I’ve recently had to do a bunch of research on containers, Docker specifically and virtualization in general. It started with someone who had obviously drunk the kool-aid – “I can use Docker for EVERYTHING!”
No, seriously. Someone was actually advocating for using Docker for all their virtualization challenges. I knew next to nothing about Docker and I just couldn’t support that. I wasn’t coming from an informational position of strength though. I doubt I’m coming from that place now, but at least I’m closer. I know I’m going to get in trouble here, but here is what I noted.
So what is a Container anyway?
A Container encapsulates an application. This is as opposed to a Virtual Machine, which encapsulates an application and it’s operating system.
A hypervisor can run multiple virtual machines each with their own operating system. Docker runs on Linux and the containers all seem to run Linux because it is leveraging the underlying operating system.
Docker is one (and the most famous) of the container technologies. Heck – it feels like it’s the only one right now (although Microsoft is heading in that direction too). However, there are others – such as Virtuozzo. Docker has the corporate support (with such companies as Mesosphere) and the open community you need to work with it.
Containers are good for small repeatable units
Let’s say you have a web site – maybe based on the latest ASP.NET, or maybe based on Node.js. You’ve done an awesome job. Now you want to scale it and one of the first things you want to do is handle more connections. The natural thing to do is to run multiple copies of the server. But you don’t want to run the same number of copies all the time. You want to rapidly spin up copies when the load gets high and spin them down again when the load drops off.
You’ve got a good case for containers.
Creating a new copy of a container is a light-weight task. I timed my tests in the seconds and I suspect that was due to the speed and resources available to my underlying operating system. Spinning up a new copy of a virtual machine can take minutes by comparison. Replicating the operating system disk takes the bulk of that time.
Containers are not good for stateful applications
This is the bit that I’m probably going to get in trouble for. I think it’s a bad idea to run stateful applications, like a database, in a container. You can (and people do), but that doesn’t mean you should.
That’s because the whole idea of containers is that you can run multiple copies of the same thing. If the thing has state, you are losing a lot of the value from containerizing in the first place. It would be like running VMware and putting one virtual machine on the server. You can – it doesn’t mean you should.
Of course, you can mount an external disk onto a Docker container and use that for the data store. This gives you the ability to transition the container seamlessly to another machine by bringing down one and bringing up the other. But then the state is stored externally – not internal to the container.
You can build containers in a build process
As a sometimes developer, I love this part. I can create a task in my Gulpfile that creates a Docker image (at least, I can if I am developing on Linux). This makes for a great workflow. Developers can be assured of running a golden image – the same as everyone else. If you have the same source files, the same container will result. If you are a developer on a team and have QA, then QA can encapsulate a problem, freeze the container and pass it to the developer for diagnosis. The “works on my machine” problem of the support and QA process reduces significantly.

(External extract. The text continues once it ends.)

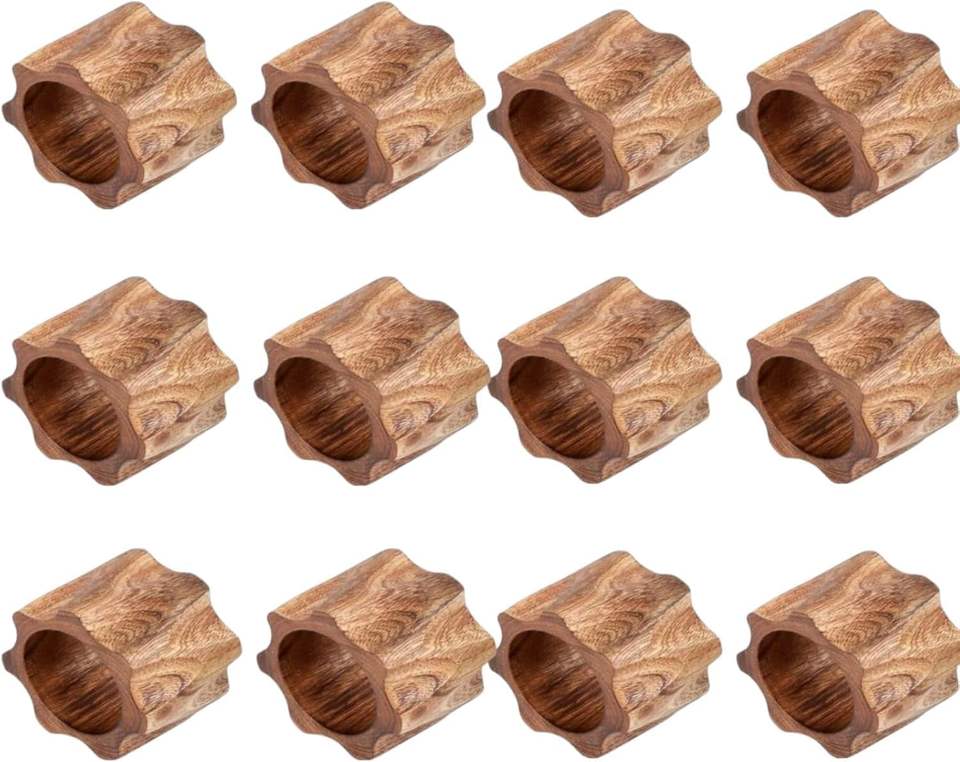 Lot de 5 anneaux de serviette classiques faits à la main en bois massif rustique, supports de table de 5 cm, écologiques, pour usage quotidien, fêtes et Noël
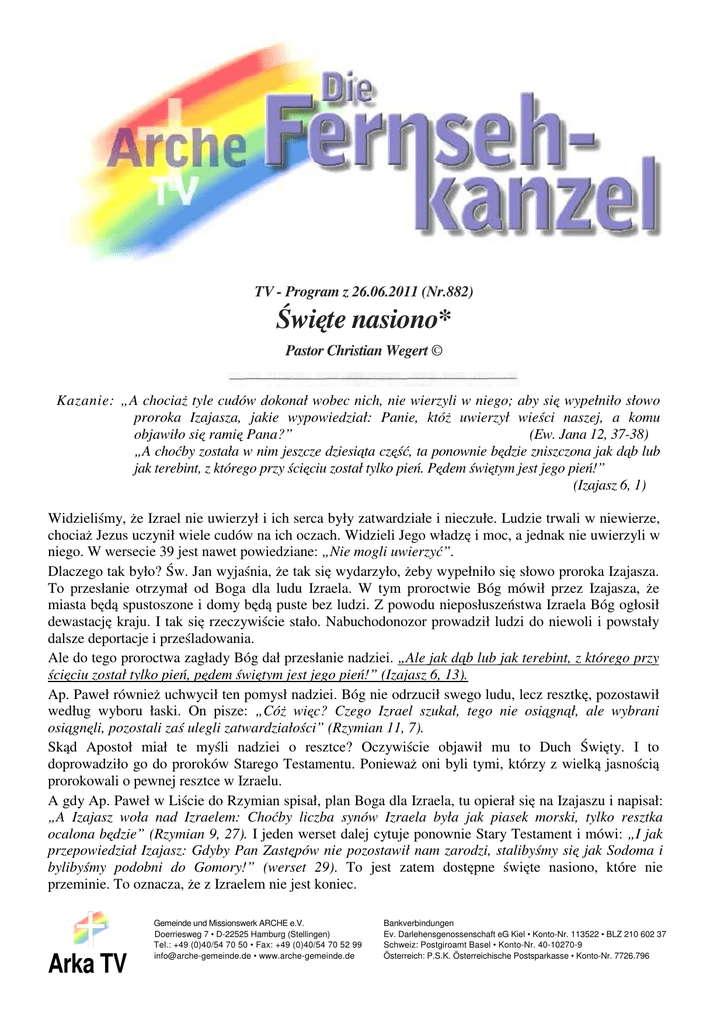 TV - Program z 26.06.2011 (Nr.882) Święte nasiono* Pastor Christian Wegert © Kazanie: „A chociaż tyle cudów dokonał wobec nich, nie wierzyli w niego; aby się wypełniło słowo proroka Izajasza, jakie wypowiedział: Panie, któż uwierzył wieści naszej, a komu objawiło się ramię Pana?” (Ew. Jana 12, 37-38) „A choćby została w nim jeszcze dziesiąta część, ta ponownie będzie zniszczona jak dąb lub jak terebint, z którego przy ścięciu został tylko pień. Pędem świętym jest jego pień!” (Izajasz 6, 1) Widzieliśmy, że Izrael nie uwierzył i ich serca były zatwardziałe i nieczułe. Ludzie trwali w niewierze, chociaż Jezus uczynił wiele cudów na ich oczach. Widzieli Jego władzę i moc, a jednak nie uwierzyli w niego. W wersecie 39 jest nawet powiedziane: „Nie mogli uwierzyć”. Dlaczego tak było? Św. Jan wyjaśnia, że tak się wydarzyło, żeby wypełniło się słowo proroka Izajasza. To przesłanie otrzymał od Boga dla ludu Izraela. W tym proroctwie Bóg mówił przez Izajasza, że miasta będą spustoszone i domy będą puste bez ludzi. Z powodu nieposłuszeństwa Izraela Bóg ogłosił dewastację kraju. I tak się rzeczywiście stało. Nabuchodonozor prowadził ludzi do niewoli i powstały dalsze deportacje i prześladowania. Ale do tego proroctwa zagłady Bóg dał przesłanie nadziei. „Ale jak dąb lub jak terebint, z którego przy ścięciu został tylko pień, pędem świętym jest jego pień!” (Izajasz 6, 13). Ap. Paweł również uchwycił ten pomysł nadziei. Bóg nie odrzucił swego ludu, lecz resztkę, pozostawił według wyboru łaski. On pisze: „Cóż więc? Czego Izrael szukał, tego nie osiągnął, ale wybrani osiągnęli, pozostali zaś ulegli zatwardziałości” (Rzymian 11, 7). Skąd Apostoł miał te myśli nadziei o resztce? Oczywiście objawił mu to Duch Święty. I to doprowadziło go do proroków Starego Testamentu. Ponieważ oni byli tymi, którzy z wielką jasnością prorokowali o pewnej resztce w Izraelu. A gdy Ap. Paweł w Liście do Rzymian spisał, plan Boga dla Izraela, tu opierał się na Izajaszu i napisał: „A Izajasz woła nad Izraelem: Choćby liczba synów Izraela była jak piasek morski, tylko resztka ocalona będzie” (Rzymian 9, 27). I jeden werset dalej cytuje ponownie Stary Testament i mówi: „I jak przepowiedział Izajasz: Gdyby Pan Zastępów nie pozostawił nam zarodzi, stalibyśmy się jak Sodoma i bylibyśmy podobni do Gomory!” (werset 29). To jest zatem dostępne święte nasiono, które nie przeminie. To oznacza, że z Izraelem nie jest koniec. Arka TV Gemeinde und Missionswerk ARCHE e.V. Doerriesweg 7 • D-22525 Hamburg (Stellingen) Tel.: +49 (0)40/54 70 50 • Fax: +49 (0)40/54 70 52 99 [email protected] • www.arche-gemeinde.de Bankverbindungen Ev. Darlehensgenossenschaft eG Kiel • Konto-Nr. 113522 • BLZ 210 602 37 Schweiz: Postgiroamt Basel • Konto-Nr. 40-10270-9 Österreich: P.S.K. Österreichische Postsparkasse • Konto-Nr. 7726.796 Strona 2 - TV-Program 882 / „Święte nasiono” Ten Boży plan zbawienia miał w sercu przed Ap. Pawłem również Św. Jan i dlatego odnosi się do Izajasza w kwestii niewiary Izraela. Pisze on: „To powiedział Izajasz, gdyż ujrzał chwalę jego i mówił o nim” (Ew. Jana 12, 41). Izajasz mówi o znieczuleniu i głuchocie Izraela i o jego spustoszeniu (Izajasz 6, 10-12). A w wersecie 13 prorok dochodzi do punktu, poprzez to ogłosił: „A choćby została w nim jeszcze dziesiąta część, ta ponownie będzie zniszczona jak dąb lub jak terebint, którego przy ścięciu został tylko pień. Pędem świętym jest jego pień!” To jest to, na co wskazuje Św. Jan. Zarówno Św. Jan jak i Ap. Paweł i również Izajasz mieli to samo przesłanie. Wszyscy trzej mówią nam równomiernie o Bożym niezgłębionym planie zbawienia Izraela ze względu na zasłonę, którą miał przed oczami i nie wierzył. W ten sposób zbawienie przyszło do narodów, ale w Izraelu pozostaje jednakże resztka, do końca, kiedy czas narodów skończy się, cały Izrael będzie zbawiony. Nad tym świętym nasionem warto się zastanowić: Święte nasiono w Izraelu Chociaż Izrael został odcięty z powodu swej niewiary jak dąb i tarebit i stracił wszystkie swoje liście i też całą koronę, jednak naród nie jest zniszczony. Pień, kikut, korzeń pozostał, i ten pozostanie na zawsze. Również jeśli naród Żydowski odrzuca Chrystusa, Mesjasza Bożego jest on aż do dnia dzisiejszego świętym nasionem w tym narodzie! Izrael ma za sobą burzliwą historię. Podnosił się i wiele razy upadał w dół, on został wybrany a jednak zepsuty. Odrzucił swojego Mesjasza i był rozproszony na cztery wiatry. Cierpiał prześladowania i morderczy Holocaust. I myślano, że los tego narodu zostanie przypieczętowany na zawsze. Ubolewało się z powodu świętego drzewa. Był widoczny tylko pień. Ale zapomnieli o proroctwie Izajasza, słowach Jana i nauczaniu Ap. Pawła. Zapomnieli, że w tym pniu ukryte jest święte nasiono i resztka według wyboru łaski. Jeżeli też inni ludzie ulegli zagładzie i będą ginąć, to jednak naród żydowski nadal będzie istniał. Ponieważ ma w sobie Boski rdzeń, obietnicę i niezniszczalne nasiono. Tym ziarnem są nowonarodzeni w Izraelu. Również jeśli odwrócili się od swojego Mesjasza, tak nie było przecież w żadnym czasie bez nowonarodzenia dusz. Nie było ani jednej godziny, w której nie było Żydów, których Jezus kochał. Prawdziwymi dziećmi Abrahama są ci, którzy są z wiary i ci pozostaną w Izraelu i nigdy nie wymrą. To święte nasiono jest coraz silniejsze i wkrótce Jezus przyjdzie ponownie a cały Izrael będzie Go widział i oni będą Go kochać i czcić. Bóg nie odrzucił swojego ludu, i Jego powołania nie żałował. Mimo, że Izrael może zewnętrznie przypomina pień drzewa, ma jednak w sobie święte życie. I to aż do wieczności tak pozostanie. Święte nasiono w kościele Te

That’s as opposed to Virtualization. If you are doing the same process in hypervisor-land, you have to set up an operating system as well. This can introduce environment drift that has nothing to do with your application. Technologies like PowerShell DSC, Chef, Puppet, AutomatedLab, Packer, Vagrant and Skytap all try to alleviate this problem of drift – in different ways and with different results. Containers isolate the developer from this problem.
How does this relate to microservices?
One of the enterprise architectures currently being espoused is to split an application into a number of independent pieces that are tied together with simple, network-based, APIs such as REST and JSON. Assuming each independent piece does one thing and handles state appropriately, it can be scaled independently from the rest of the application. Each independent piece could be a REST-based API – a microservice. Then other applications can use several of these microservices to produce a bigger workflow.
Microservices are an ideal thing to use containers, but it’s really an orthogonal problem.
What about performance?
There are several reports on both sides of the fence here. My own tests indicate that – given the same hardware and same number of containers / servers, the performance is pretty much identical. You may find some subtle changes, but you are architecting your application for scale anyway, so a couple of percentage points isn’t really signficant. The actual differences I measured were less than a percentage point.
So are containers good?
It depends on your application.
It depends on your expectation.
Let’s take two examples.
If you are writing a new web application and intend on using a PaaS database (such as Azure SQL as a Service or Amazon RDS) and a suite of microservices for authentication (like Auth0), email delivery (like SendGrid) and others (maybe mobile notifications, maybe IoT integration – who knows), then yes – you should definitely be investigating containers.
If your application depends on large databases, major integration work with other enterprise pieces or has state stored on disk – either plan a re-architect of your application or resign yourself to the fact that you will be using virtualization.
How do I get started with Containers?
Install an Ubuntu 14.04 virtual machine, install Docker and start using it. I’ll be demonstrating a build of my node.js application which includes a docker build soon.